■ What to do:
The required answer is an exact copy of every line from the beginning of the entries through the line with "4. На основании", with all pictures omitted.

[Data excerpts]
____

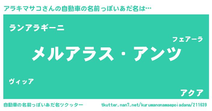 | 男性向けラノベタイトル風あだ名 | 『Re:アラキマサコから始める異世界生活』 |
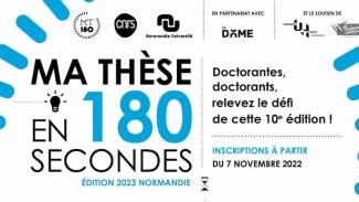 Normandie Université et le CNRS Normandie lancent leur dixième édition du concours “Ma thèse en 180 secondes”. Le but ? Proposer aux doctorants du territoire de faire connaître leurs travaux de recherche au grand public en trois minutes et avec l'appui d'une seule diapositive, de manière claire, concise et néanmoins convaincante. L’édition 2023 s'organise en partenariat avec Le Dôme et le soutien de l’université Le Havre Normandie et de Science action. La finale normande aura lieu en mars 2023 au Havre et les lauréats représenteront la Normandie à la demi-finale nationale prévue en avril à Paris.
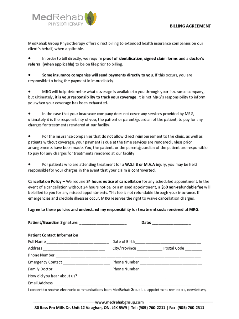 BILLING AGREEMENTMedRehab Group Physiotherapy offers direct billing to extended health insurance companies on our clients behalf, when applicable. In order to bill directly, we require proof of identification,
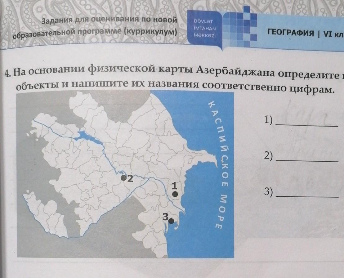 4. На основании физической карты Азербайджана уределителен продуктивни объекты и напишите их названия соответственно цифрам.
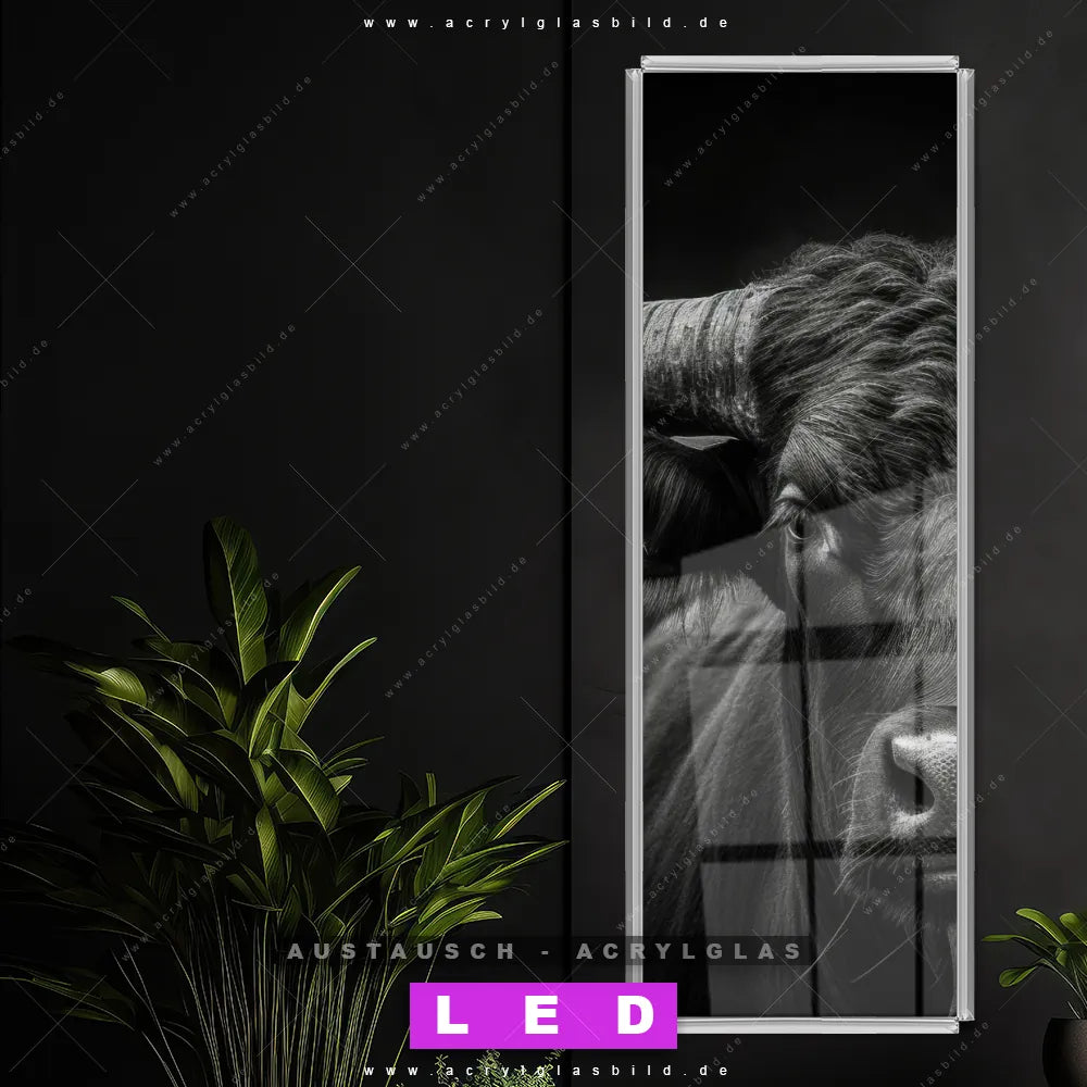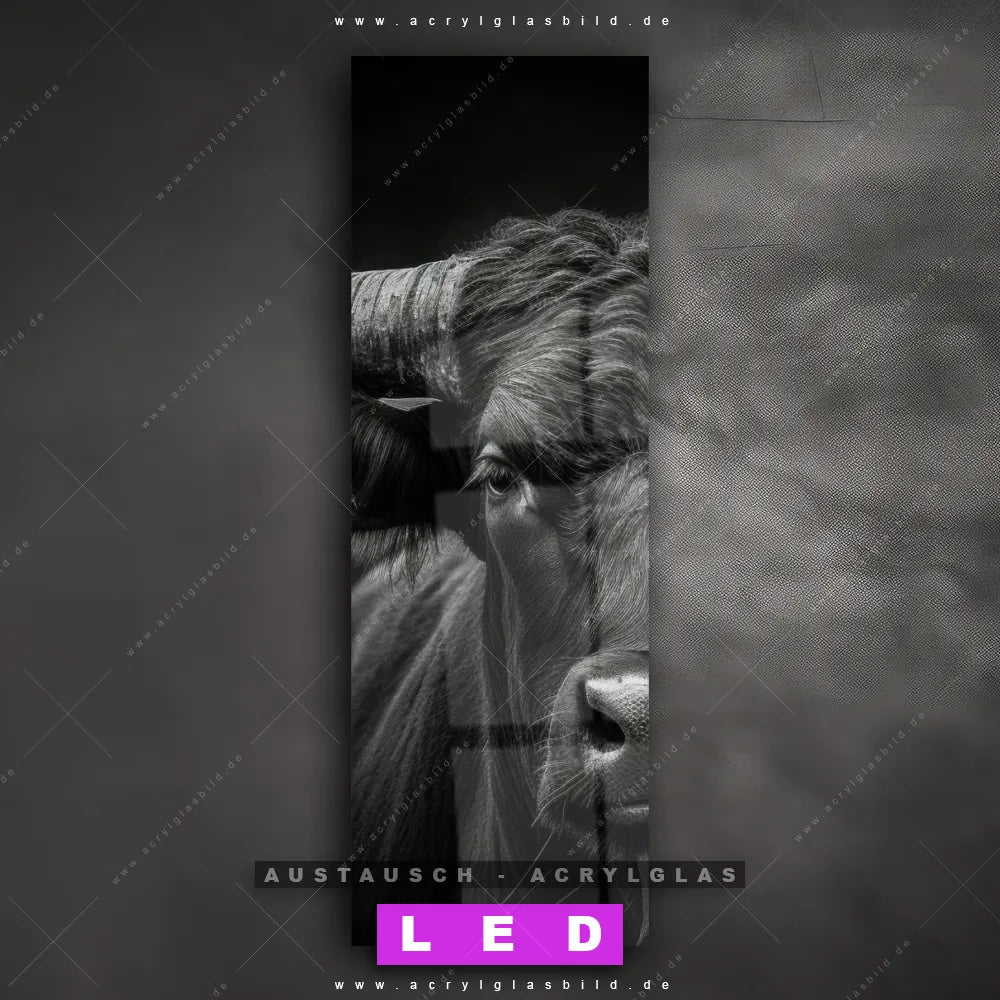 Begriffe wie Hochlandrind, Rind, Stier, Hörner, Porträt haben dich auf der Suche nach deinem neuen Austausch-Acrylglasbild inspiriert? Dann sollte das Wechsel-Acrylglasbild Stier mit Hörnern für dein bereits vorhandenes LED Acrylglasbild Canvalight® DIA den Weg zu dir finden.
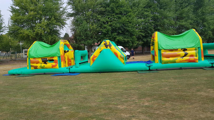 The assault course can be broke down into sections as we like to offer our customers a choice, so now you can just pick and choose your sections . This is a 60ft option . We offer 2 slides and a run through but what to change it then simply pet us know

____

■ Exercise answer:
 | 男性向けラノベタイトル風あだ名 | 『Re:アラキマサコから始める異世界生活』 |
 Normandie Université et le CNRS Normandie lancent leur dixième édition du concours “Ma thèse en 180 secondes”. Le but ? Proposer aux doctorants du territoire de faire connaître leurs travaux de recherche au grand public en trois minutes et avec l'appui d'une seule diapositive, de manière claire, concise et néanmoins convaincante. L’édition 2023 s'organise en partenariat avec Le Dôme et le soutien de l’université Le Havre Normandie et de Science action. La finale normande aura lieu en mars 2023 au Havre et les lauréats représenteront la Normandie à la demi-finale nationale prévue en avril à Paris.
 BILLING AGREEMENTMedRehab Group Physiotherapy offers direct billing to extended health insurance companies on our clients behalf, when applicable. In order to bill directly, we require proof of identification,
 4. На основании физической карты Азербайджана уределителен продуктивни объекты и напишите их названия соответственно цифрам.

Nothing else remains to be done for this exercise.